- _ACTION ITEM_: In the records below, find the line that contains "Stage de perfectionnement" and the line that contains "Sonbahar Temalı Kabak". Set down exactly those lines and every line between them, and nothing more.

- _INFORMATION PROVIDED_:
----

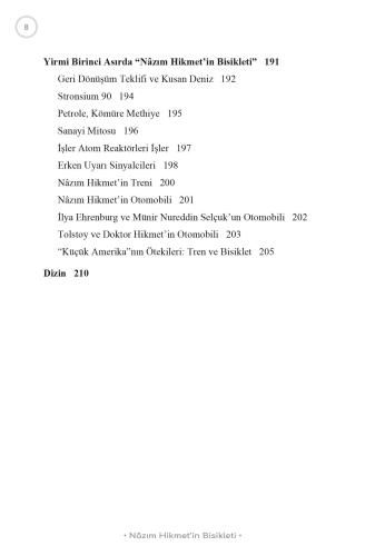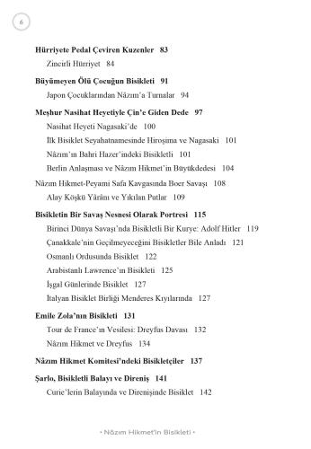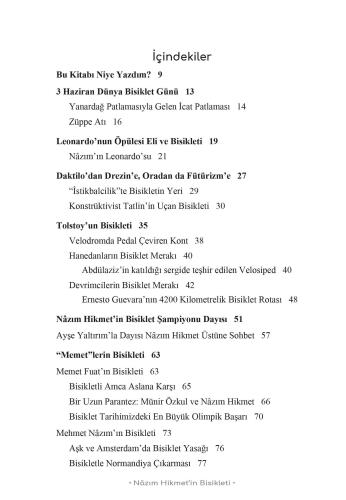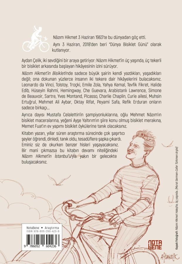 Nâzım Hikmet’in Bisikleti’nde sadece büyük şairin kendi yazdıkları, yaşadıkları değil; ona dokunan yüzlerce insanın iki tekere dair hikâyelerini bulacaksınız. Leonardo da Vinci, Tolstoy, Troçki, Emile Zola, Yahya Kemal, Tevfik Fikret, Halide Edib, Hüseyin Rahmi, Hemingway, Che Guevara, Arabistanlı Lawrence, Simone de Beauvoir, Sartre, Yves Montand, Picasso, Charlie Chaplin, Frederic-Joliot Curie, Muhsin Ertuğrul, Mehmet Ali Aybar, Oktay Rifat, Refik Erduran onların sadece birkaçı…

----

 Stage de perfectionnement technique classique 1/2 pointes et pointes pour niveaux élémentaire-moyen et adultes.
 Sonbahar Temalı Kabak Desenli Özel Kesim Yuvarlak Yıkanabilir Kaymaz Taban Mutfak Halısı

----

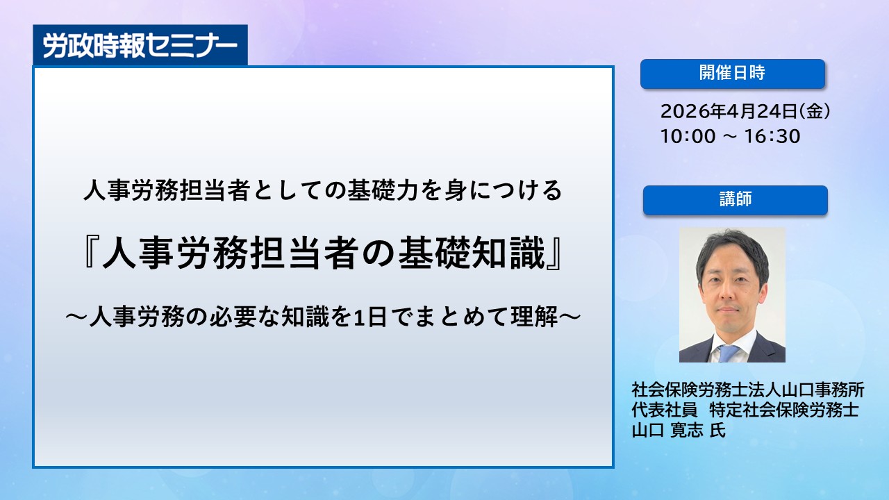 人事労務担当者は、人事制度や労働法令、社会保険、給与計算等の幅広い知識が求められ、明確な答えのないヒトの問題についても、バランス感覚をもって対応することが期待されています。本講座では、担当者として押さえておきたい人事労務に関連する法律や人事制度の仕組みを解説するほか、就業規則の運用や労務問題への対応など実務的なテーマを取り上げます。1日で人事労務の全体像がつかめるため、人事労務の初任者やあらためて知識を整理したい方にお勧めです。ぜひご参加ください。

----

- _EXERCISE OUTPUT_:
 Stage de perfectionnement technique classique 1/2 pointes et pointes pour niveaux élémentaire-moyen et adultes.
 Sonbahar Temalı Kabak Desenli Özel Kesim Yuvarlak Yıkanabilir Kaymaz Taban Mutfak Halısı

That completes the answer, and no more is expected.